I in fact, tried cutting the aluminum plate with the new 5/8" end mill. I was blown away by the finish at 1900 rpm. I still think it's too fast. But can't argue with sucess. 
I squared up the upright and base for the Elmer's #25 I'm building.

Going back to the formula DavoJ posted, what is the constant 4 for?  

Anyone interested in the Excel Calculator I put together with DavoJ's info? Hardest part was getting the Excel function vlookup to work. That takes the metal material name I put in and looks up the SFM value per DavoJ's list. I then plug that and the cutter Dia. into a formula and calculate the RPM.
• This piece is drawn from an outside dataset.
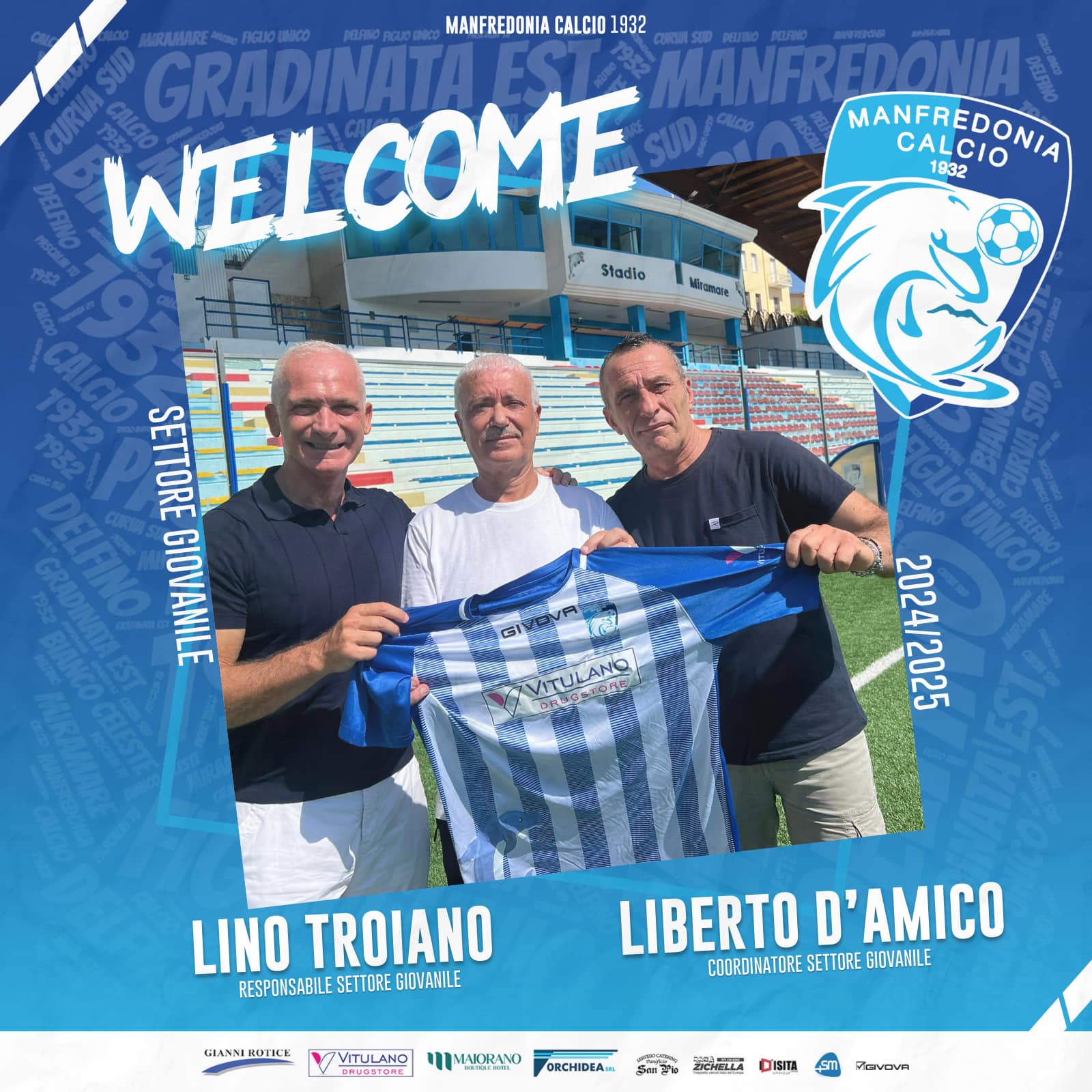 Il Manfredonia Calcio 1932 comunica il completamento dello staff del Settore Giovanile per la stagione 2024/2025 con la nomina di Pasquale (Lino) Troiano a Responsabile e di Liberto D’Amico a Coordinatore.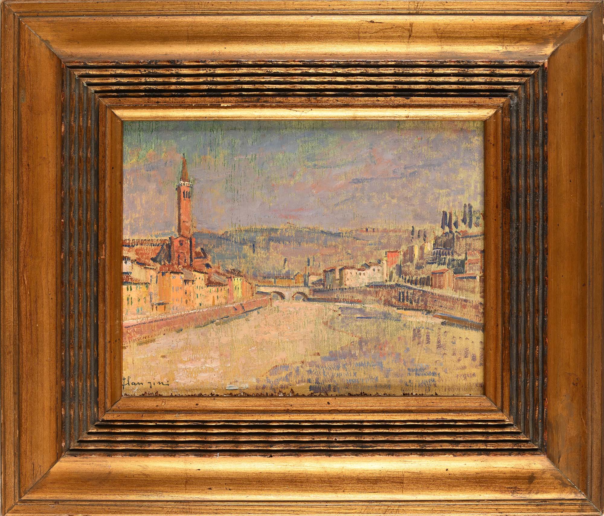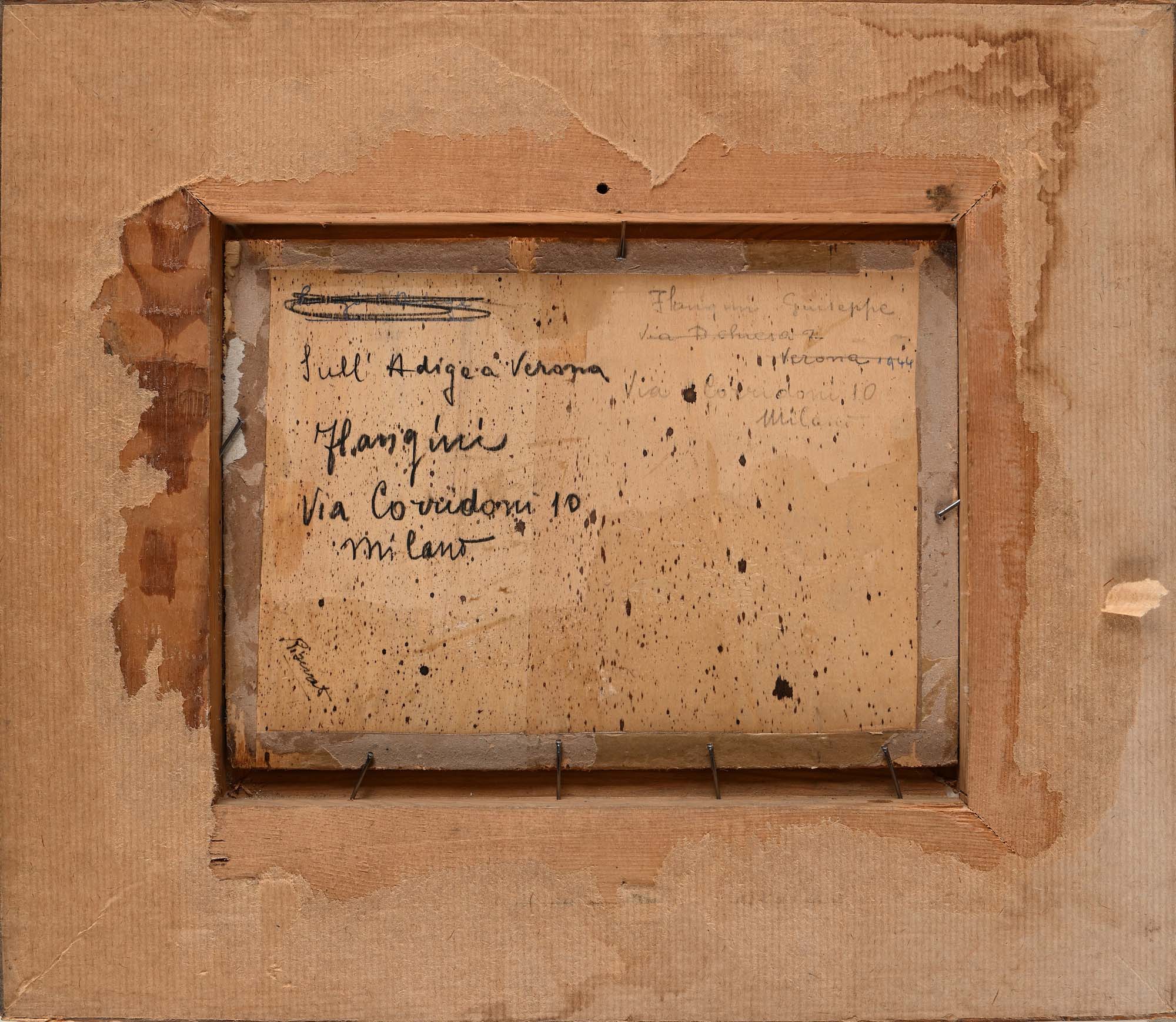 Giuseppe Flangini Verona 1898-Verona 1961 Sull'Adige a Verona Firmato in basso a sinistra "Flangini"; titolato sul verso olio su tavola cm 25x18 - in cornice cm 34x39,5 1944

Actually, I would like folks to evaluate it and see if I need to add features for other 'noobs' like me. Contact me via PM or off list @ chunk07atcomcastdotnet, and I'll send you a copy.

Chuck in E. TN


----------



## Chucketn (Dec 3, 2011)

Yup x 3!:lmao:

Chuck in E. TN


----------



## Hawkeye (Dec 3, 2011)

Chuck, just for the record, the constant 4 is derived (according to an old high school shop text) from cutting speed, in feet per minute times 12 (inches per foot) divided by pi (3.14159) times diameter of cutter (in inches). 12/3.14159 is rounded off to 12/3 = 4. So, rpm = CSx4 / D. Close enough if you're changing speeds by shifting belts.


----------